By means of bus midpoint voltage sampling, online adjustment is carried out through an optimization software algorithm: although the technical method needs fewer peripheral devices, the requirement on the sampling precision of the midpoint voltage of the bus is higher, and the algorithm of a control loop is more complex. In addition, when the sampling of the midpoint voltage of the bus is interfered, the machine works abnormally, and a worse effect is possibly generated; when the machine is operated in some states such as a startup and shutdown process/a load switching process, reliable and effective adjustment cannot be realized.

Disclosure of Invention

The embodiment of the invention aims to provide an automatic balancing circuit for the midpoint voltage of an I-type three-level bus in a converter, which can automatically perform dynamic balancing adjustment on the midpoint voltage of a bus capacitor in real time, so that positive and negative half-cycle waveforms output by a DC/AC are more symmetrical.

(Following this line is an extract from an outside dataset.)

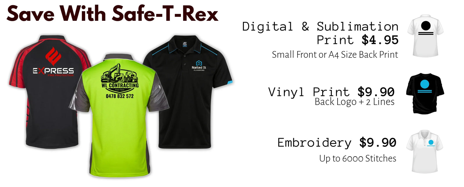 Shop our wide selection of custom printed work shirts and experience the difference of personalised work clothing online tailored to your brand’s needs. Choose Safe-T-Rex Workwear—where your workwear becomes your brand’s statement.
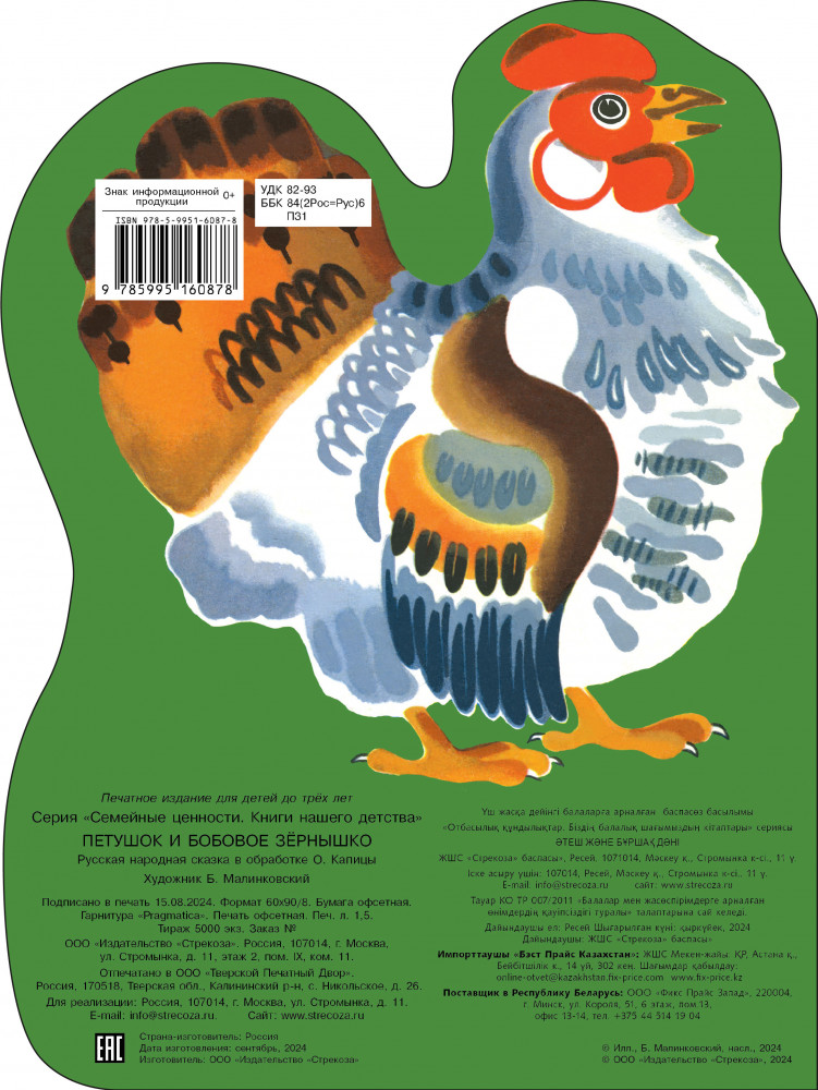 💳 Оплатить за товар можно при получении 🇰🇿 Есть бесплатная доставка по Казахстану от 1 дня 🎁 Копите бонусы с каждой покупки Серия: Семейные ценности. Книги нашего детства В вашем детстве наверняка было много замечательных любимых книг. Давайте познакомим с ними и новое поколение читателей. Клевал как-то петушок зернышки, да в спешке подавился. Не знал он, что торопиться опасно, можно попасть в беду. Ох и много усилий придется приложить заботливой курочке, чтобы спасти петушка! Оригинальная вырубка книги напоминает петушка. Поэтому можно не просто читать сказку, но и играть с ребенком. |

The embodiment of the invention is realized as follows:

an automatic balancing circuit for neutral point voltage of an I-type three-level bus in a converter comprises: the input soft start device, a serial branch circuit formed by serially connecting a bus capacitor C1 and a bus capacitor C2, an automatic equalization circuit, an I-type NPC three-level bridge arm and an output filter; the direct current input end is connected with the input soft start device, the series branch is connected between the direct current input ends in parallel, the automatic equalization circuit is connected between the direct current input ends and is connected with a connection point of a bus capacitor C1 and a bus capacitor C2, the I-type NPC three-level bridge arm is connected between the direct current input ends and is connected with the automatic equalization circuit, and the output filter is connected with a voltage output end of the I-type NPC three-level bridge arm and is connected with a connection point of the bus capacitor C1 and a bus capacitor C2;

the automatic equalization circuit comprises a power device IGBT5, a power device IGBT6, a transformer TR1, a capacitor C3 and a capacitor C4, wherein the power device IGBT5, an N2 winding of the transformer TR1, a capacitor C3, a capacitor C4, an N3 winding of the transformer TR1 and a power device IGBT6 are sequentially connected in series and then connected between direct current input ends, wherein the power device IGBT5 is connected with the same-name end of an N2 winding of the transformer TR1, the other end of an N2 winding of the transformer TR1 is connected with a capacitor C3, the power device IGBT6 is connected with the same-name end of an N3 winding of the transformer TR1, and the other end of an N3 winding of the transformer TR1 is connected with a capacitor C4; the dotted end of an N1 winding of the transformer TR1 is connected to the connection point of a capacitor C3 and a capacitor C4, the other end of an N1 winding of the transformer TR1 is connected with an I-type NPC three-level bridge arm, and the connection point of a capacitor C3 and a capacitor C4 is connected with the connection point of a bus capacitor C1 and a bus capacitor C2;

the power device IGBT5 and the power device IGBT6 are provided with anti-parallel free-wheeling diodes.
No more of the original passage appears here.